While I have been very curious about the Telengana struggle and moved by your accounts of its democratic potential, I was also a trifle uneasy. The reason being that we have all come of age in a political culture, in Tamil Nadu, where ethnicity, statehood and identity have been so intertwined and naturalised, and whose history like that of Telengana but in a less substantive sense drew on a sense of historical alienation and grievances.

The Telengana case is much stronger in this regard, and patent injustice has been done in ways that do not bear comparison with the Tamil case - here the opposition to being part of a unitary nation was expressed in contrarian terms. The more radical expressions of this position challenged Hindu-Hindi-bania-India, the more populist ones drew on historical exceptionalism, read almost all contemporary concerns through the lens of language and ethnicity. The populist version has prevailed and is today more than 50 years old, and sadly, as we look back, we are forced to reckon with the question of how and through what means does a just cause turn vicious and serves only rhetorical rather than substantive ends.

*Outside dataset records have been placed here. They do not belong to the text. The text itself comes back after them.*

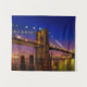 Iconic Brooklyn Bridge at night towering over East River in New York City.
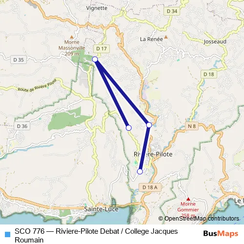 The first stop of the SCO 776 bus route is Riviere Pilote - College Jacques Roumain and the last stop is Riviere Pilote - Coulange. SCO 776 (Riviere-Pilote Debat / College Jacques Roumain) is operational during on weekdays.
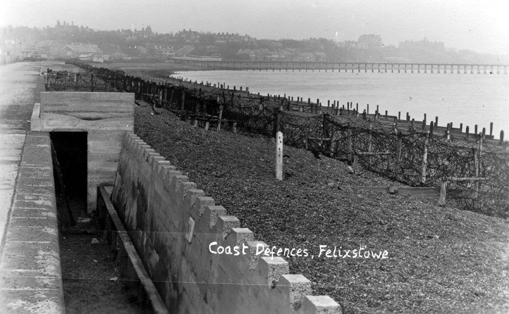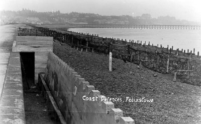 It was now clear that existing coastal defences like these at Felixstowe could not stop a Zeppelin attack. It would later become clear that a naval bombardment could not be prevented, either. Postcard by Emeny of Felixstowe.

It does not seem easy to imagine a cause outside of its historical expressions, of the specific details of how it is imagined, acted out - and so the question I would like you and others to consider is the following: the democratic potential of the Telengana movement notwithstanding, is it being constantly overwritten by a script that is not willing to tolerate dissent, from whichever quarter? Does it have recourse to a discourse that separates 'traitors' from 'real' Telenganites? Does it deliberately and often confuse 'authenticity' with democratic persuasion and argument? For us, looking back at the very attractive figure that the DMK cut in the 1950s, we are all too aware of its hypnotic power, its historical 'truth', that did not brook any critique of Tamilness - the manner in which the DMK worked with caste and gender is legion and points to how one may productively and deliberately rework important aspects of one's democratic politics towards non-democratic ends.

Just some loud thoughts, because what you and Suneetha have been reporting about the BJP does not suggest so much a takeover, but a hardening of some positions which are perhaps as much Telengana as any other and which now appear accentuated in very distinctive ways. How have others supporting Telengana responded to the BJP -

Do write when you have the time to tell us more.

Geetha
--
Maybe Dona Soncorrito is saying right now that the world can be like a big house, or like a little prison; that the world is full of windows and doors; that the world is full of distinct (and sometimes contradictory) realities; that in this world, each reality has two doors, and one of them is the door of a certain Bad and the other of uncertain Good; that sometimes you can choose the room you want to live in, and other times you cannot, and evil and life pursue you everywhere; that if you want to choose, it has to be twice: if you can, first, you have to choose where you want to be, and second, you have to choose the way; that the job of adults is to show the children as many windows as possible so that they can look into as many rooms as possible; that the job of adults is to wage a permanent struggle so that children may always have the freedom to choose the room of the world where they want to be...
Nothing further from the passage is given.